Start of Given material

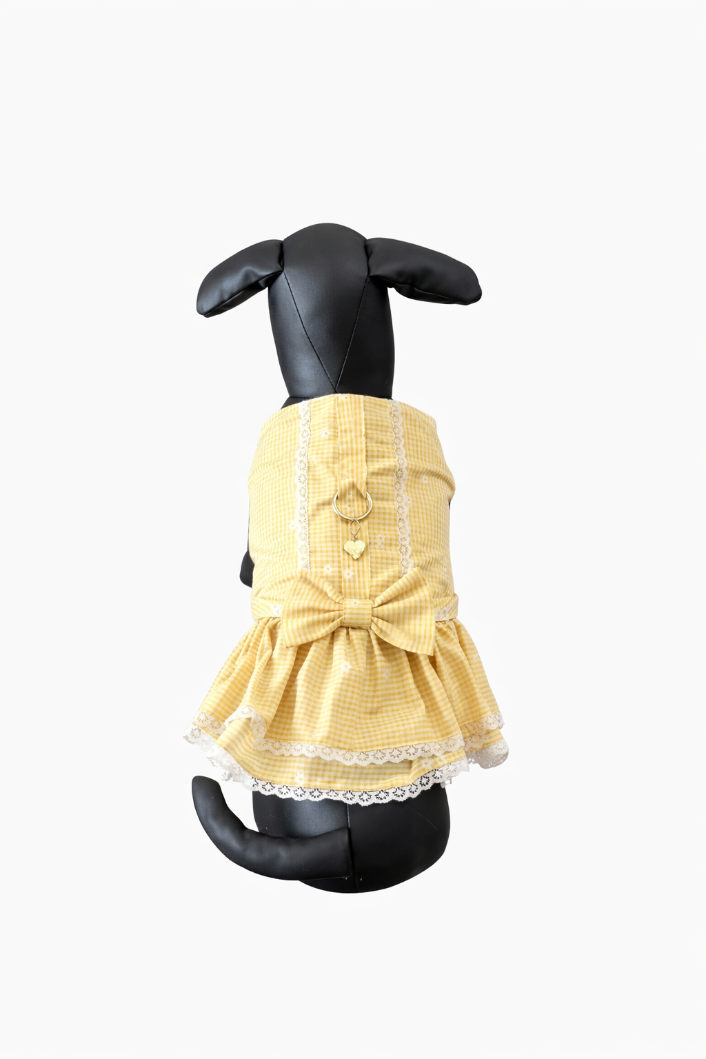 Arnés vestido para perro con diseño elegante en tono amarillo Arnés para perro con diseño tipo vestido confeccionado en un delicado tejido de cuadros en tono amarillo suave. Combina funcionalidad y estilo, incorporando un elegante lazo trasero y detalles de encaje que aportan un toque femenino y sofisticado.
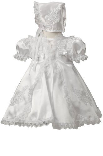 ドレス全体がは、高品質のホワイトサテン。キャップスリーブは、トリムで飾られたボディスは、エレガントな複雑なレース地とビーズとレースの作業です。飾られ、ウエストサッシは、リボンとパール。ペチコートクリノラインネットがアタッチされています。後ろの背面にはボタンのボディスとサッシ結んで、ぴったりフィットします。追加のガウンはお客様の同じ光沢サテン生地と飾り、豊富な靴ひも。また装飾、ビーズとレースの両方のシステムで動作させる、側面のドレスを魅力的にしています。マッチしたボンネットが飾られ、再び一致するビーズとレースのしくみ」を参照してください。とってもゴージャス
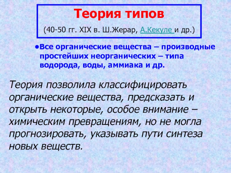 Теория позволила классифицировать органические вещества, предсказать и открыть некоторые, особое внимание – химическим превращениям, но не могла прогнозировать, указывать пути синтеза новых веществ.
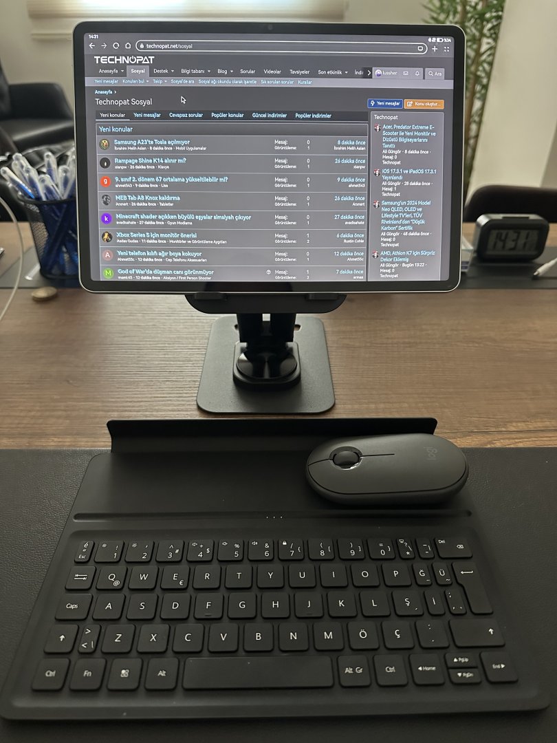 Neden Air modelini tercih ettiğimi şöyle özetleyeyim, popüler olan 11.5 modelin hdmi bağlantısı ile görüntü vermediğini öğrenince direkt Air modelinde karar kıldım. Pro olan model ise benim taleplerim için fazlaydı. Ürünü almamdaki bir diğer sebep çoğu MatePad serisinde bulunan klavyeli kılıf kolaylığıydı. Şu anda da bu incelemeyi sizlere bu klavye ile yazıyorum. Bu zamana kadar geçen sürede keyifliydi, sadece baş harfleri büyük yazarken caps tuşuna tam basamadığımdan bir kaç tekrar yapmam gerekti. (Deneme amaçlı böyle kullandım, shift ile kullanım daha rahat tabii) Ürün geldikten sonra hemen bir adet Logitech Pebble mouse, (ince bir tasarımı olduğundan çantama rahatça sığması ve de sessiz olmasından özellikle tercih ettim) bir adet de Type-C bağlantılı HDMI, USB ve yine Type-C çıkışlı bir adaptör aldım. Ekstra olarak da bir tablet standı satın aldım, dik oturma pozisyonunda tablet tam karşımda kalsın istediğim için. Tamamen bir bilgisayar deneyimi elde ettiğimi düşünerek gündelik olarak kullanmaya başladım.

End of Given material

Work instructions => Nothing but the lines from the one containing "ドレス全体がは、高品質のホワ" through the one containing "Теория позволила классифицировать" should appear, copied exactly from the material above and without pictures.

Answer space =>
 ドレス全体がは、高品質のホワイトサテン。キャップスリーブは、トリムで飾られたボディスは、エレガントな複雑なレース地とビーズとレースの作業です。飾られ、ウエストサッシは、リボンとパール。ペチコートクリノラインネットがアタッチされています。後ろの背面にはボタンのボディスとサッシ結んで、ぴったりフィットします。追加のガウンはお客様の同じ光沢サテン生地と飾り、豊富な靴ひも。また装飾、ビーズとレースの両方のシステムで動作させる、側面のドレスを魅力的にしています。マッチしたボンネットが飾られ、再び一致するビーズとレースのしくみ」を参照してください。とってもゴージャス
 Теория позволила классифицировать органические вещества, предсказать и открыть некоторые, особое внимание – химическим превращениям, но не могла прогнозировать, указывать пути синтеза новых веществ.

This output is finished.